▶ Records for the task:
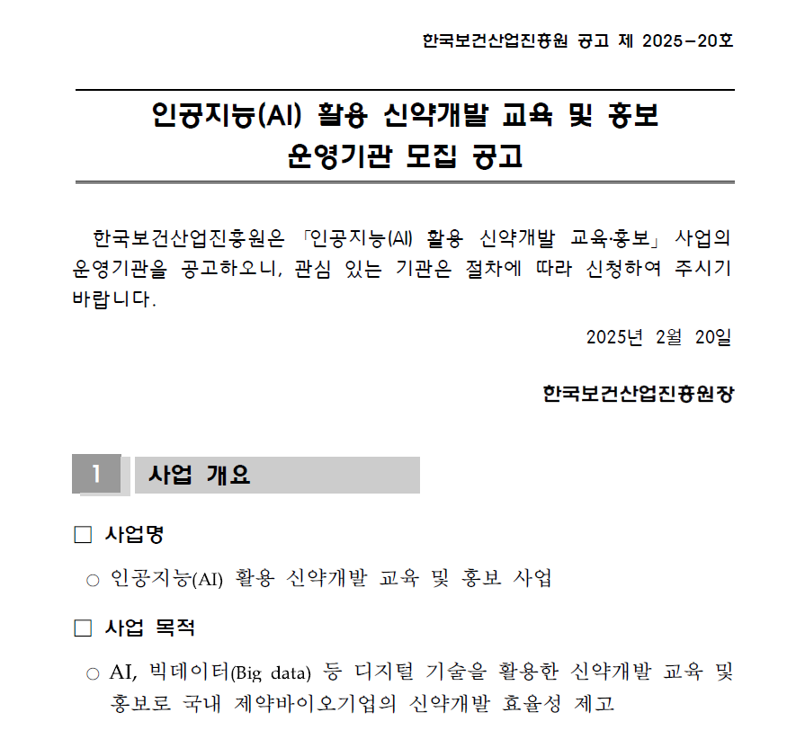 2025년 인공지능(AI) 활용 신약개발 교육 및 홍보 사업 운영기관 모집 공고
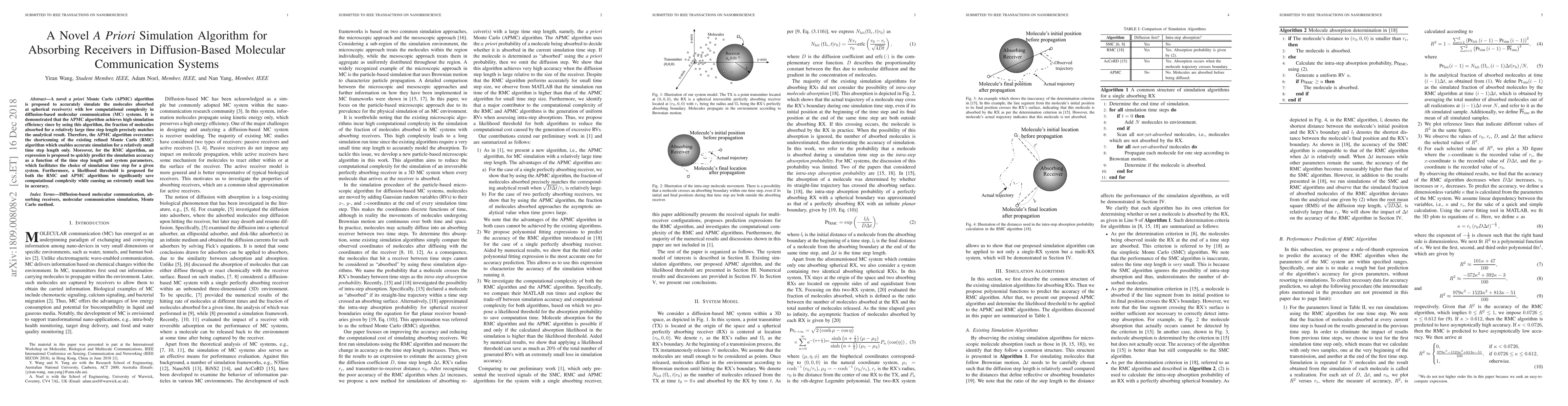 This research introduces a novel a priori Monte Carlo (APMC) algorithm for simulating molecule absorption in diffusion-based molecular communication systems. The APMC algorithm outperforms the existing refined Monte Carlo (RMC) algorithm, providing high simulation efficiency with precise absorption fraction for larger time steps. It also offers an expression to predict RMC simulation accuracy based on time step length and system parameters, and suggests a rejection threshold to reduce computational complexity without significant accuracy loss.
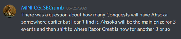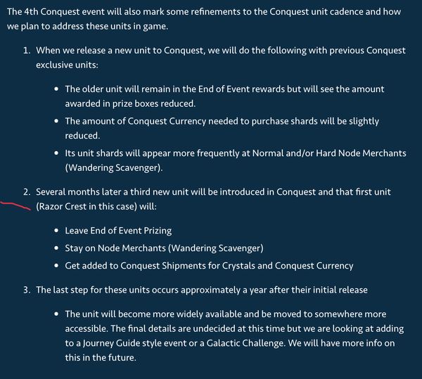 Nice! Thanks everyone!! The reason i was asking is cuz if there are 2 more conquests with 44 razor crest shards in the red crate, then we would only need to buy 1 more 5 pack to get it to max stars. Assuming you are all at the same 50/85 that i am currently. This event would take us to 9/100 and then two more red crates after would be 97/100.
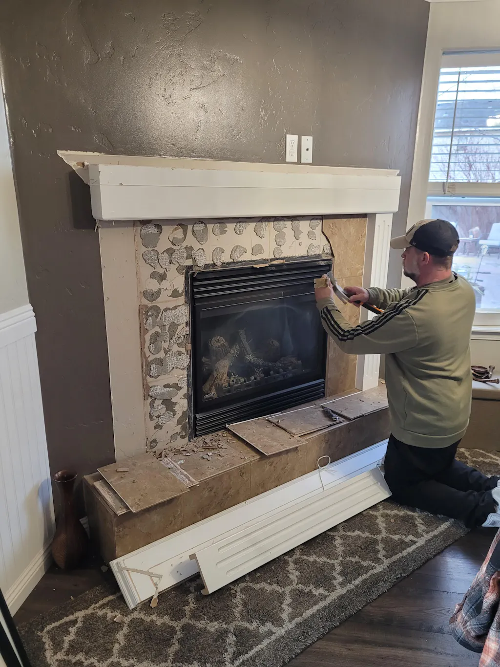 Completely transformed our boring, outdated, builder grade fireplace! So fast and easy to install on existing dry wall. Areas of the sheet rock that were damaged from taking out the previous tile, were mudded, sanded smooth and then primered before sticking them on. The stone sheets were easy to cut to fit around our new mantle and existing gas fireplace. We cut them with construction shears for most of them and also used a chopsaw to cut some. The stone heald up great with both methods and didnt chip. We used construction adhesive in some areas to insure a tight bond. The extra adhesive probably wasn't needed but, my husband is overly cautious. Shipping took about a week longer than first quoted, that was the only hiccup. We will definitely order this product again for other projects I have in mind down the line!
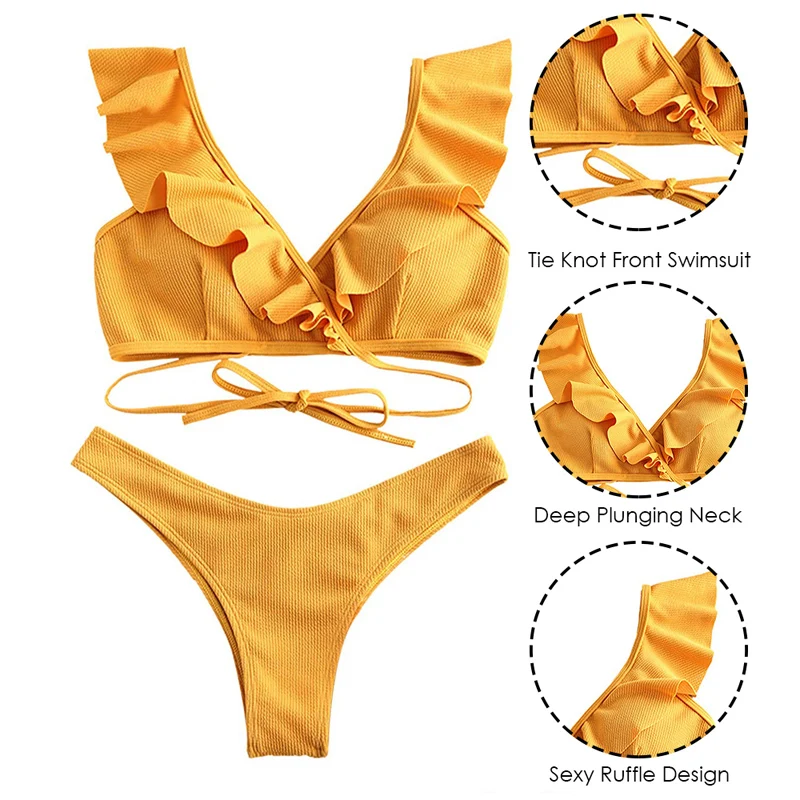 Женский купальник с оборками, пляжный комплект бикини с высокой талией, пляжная одежда, 2019

▶ Brief: Omit the pictures and output all of the other material exactly.

▶ Answer below:
 2025년 인공지능(AI) 활용 신약개발 교육 및 홍보 사업 운영기관 모집 공고
 This research introduces a novel a priori Monte Carlo (APMC) algorithm for simulating molecule absorption in diffusion-based molecular communication systems. The APMC algorithm outperforms the existing refined Monte Carlo (RMC) algorithm, providing high simulation efficiency with precise absorption fraction for larger time steps. It also offers an expression to predict RMC simulation accuracy based on time step length and system parameters, and suggests a rejection threshold to reduce computational complexity without significant accuracy loss.
 Nice! Thanks everyone!! The reason i was asking is cuz if there are 2 more conquests with 44 razor crest shards in the red crate, then we would only need to buy 1 more 5 pack to get it to max stars. Assuming you are all at the same 50/85 that i am currently. This event would take us to 9/100 and then two more red crates after would be 97/100.
 Completely transformed our boring, outdated, builder grade fireplace! So fast and easy to install on existing dry wall. Areas of the sheet rock that were damaged from taking out the previous tile, were mudded, sanded smooth and then primered before sticking them on. The stone sheets were easy to cut to fit around our new mantle and existing gas fireplace. We cut them with construction shears for most of them and also used a chopsaw to cut some. The stone heald up great with both methods and didnt chip. We used construction adhesive in some areas to insure a tight bond. The extra adhesive probably wasn't needed but, my husband is overly cautious. Shipping took about a week longer than first quoted, that was the only hiccup. We will definitely order this product again for other projects I have in mind down the line!
 Женский купальник с оборками, пляжный комплект бикини с высокой талией, пляжная одежда, 2019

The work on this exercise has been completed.